Crawford v. State

763 So. 2d 1240 (2000)

Travis CRAWFORD, Appellant,
v.
STATE of Florida, Appellee.

No. 1D99-2675.

District Court of Appeal of Florida, First District.

June 8, 2000.

Nancy A. Daniels, Public Defender, and Glen P. Gifford, Assistant Public Defender, Tallahassee, for Appellant.

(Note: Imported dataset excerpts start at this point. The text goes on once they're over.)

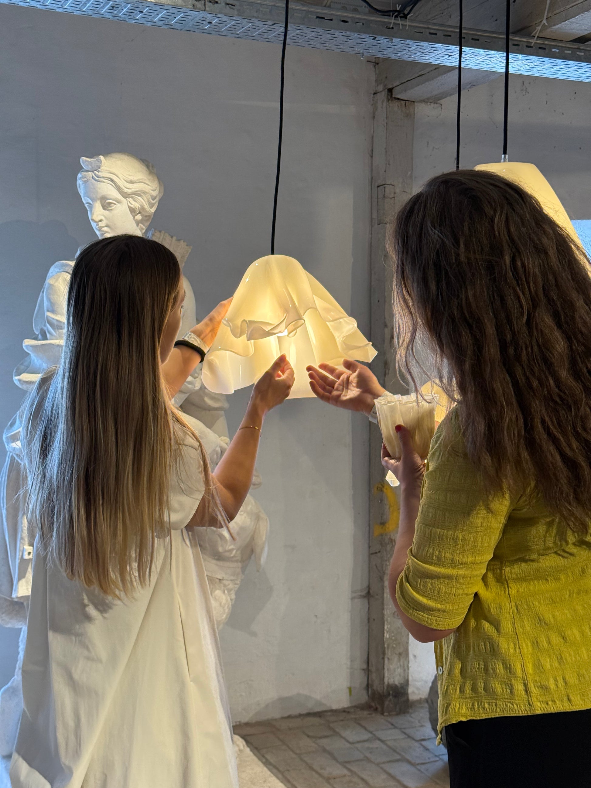 LIGHT & HEAT: Only LED lights may be used, as the material cannot tolerate open flames or heat. When the LED is turned on, a soft, warm glow is created that enhances the organic expression of the work and changes it depending on the light and surroundings.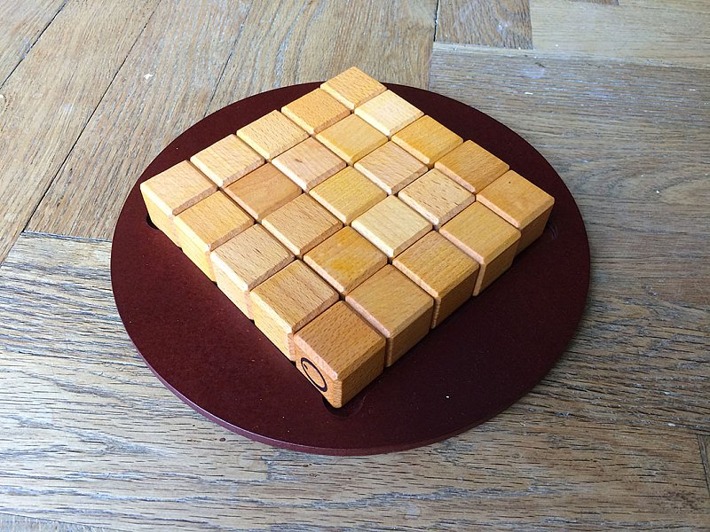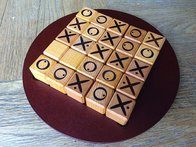 Hraje se na dřevěné podložce s 25 dřevěnými krychličkami, z nichž každá je označena na jedné plošce symbolem křížku, na druhé plošce symbolem kolečka; ostatní čtyři plošky jsou prázdné. Na začátku hry jsou na herní ploše rozloženy všechny krychličky do čtverce (5x5) a otočeny prázdnou ploškou vzhůru (Obr. 2).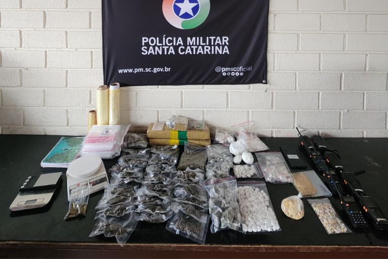 No local, foram apreendidos 2,372 quilos de maconha, 749 gramas de haxixe, 530 gramas de cocaína, 158 gramas de crack, 43 micropontos de LSD, dois comprimidos de ecstasy, três balanças de precisão, oito rádios comunicadores Baofeng, um telefone celular, onze munições de calibres 32 e 38, além de dois cadernos com anotações sobre o tráfico e diversas embalagens plásticas usadas no preparo e comercialização das drogas.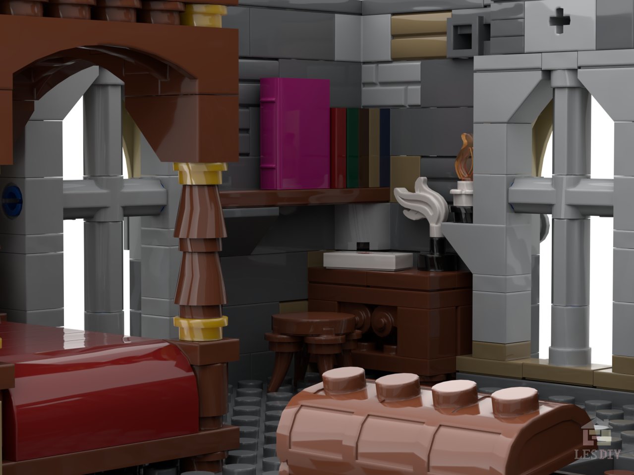 - The interiors are spacious and have some basic furniture and accessories, including tables, chairs, beds and fireplaces. A fireplace is equipped with red light bricks. I did not include floor tiles and advanced decorations to keep the medieval blacksmith style and costs in check.
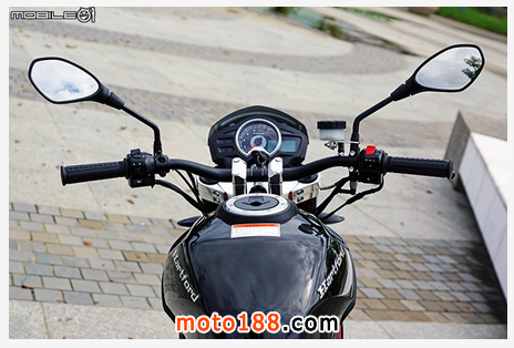 來到騎士視角部分,儀表板的面積不大,不太會占據過多騎乘目光,把手采用寬把設計,騎乘時的騎姿三角還算舒適,上三角臺更采用全鋁合金制成,并且還有鍍鉻拋光設計,在大白天下有像鏡面般的效果,油箱造型也非常好夾,而且腳部會接觸到的地方還是油箱罩而已,略有進口車的設計水平。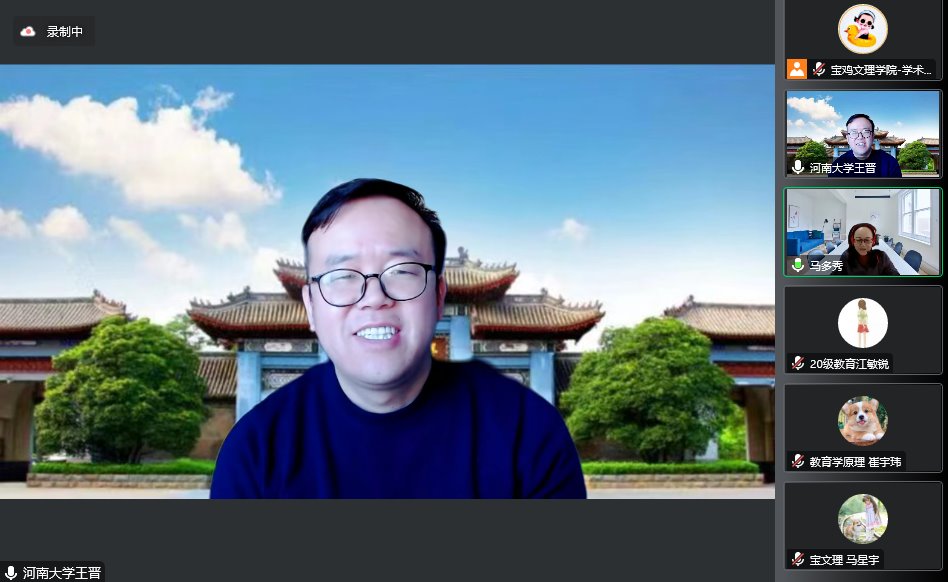 10月10日下午,河南大学教育学部王晋教授应邀在线上举行学术报告,报告题目为《单位和学校》。本次报告会由太阳成集团经理马多秀教授主持,太阳成集团教师、研究生共计100 余人参加了本次报告会。

Robert A. Butterworth, Attorney General, and Daniel A. David, Assistant Attorney General, Tallahassee, for Appellee.

PER CURIAM.

The appellant challenges sentences imposed upon a revocation of probation. Because the probation was part of a true split sentence as described in State v. Powell, 703 So. 2d 444 (Fla.1997), and Poore v. State, 531 So. 2d 161 (Fla.1988), by which incarcerative terms were imposed and suspended, the incarcerative sentences which may be imposed upon revocation are limited to the incarcerative terms which had been suspended. See Poore; Stoutamire v. State, 734 So. 2d 468 (Fla. 1st DCA 1999). As the state properly concedes, the *1241 trial court had no greater sentencing authority merely because the suspension may have been conditioned on entry into or completion of a treatment program, even if the appellant may have satisfied this requirement. The challenged sentences are therefore vacated, and the case is remanded for resentencing.

JOANOS, ALLEN and KAHN, JJ., CONCUR.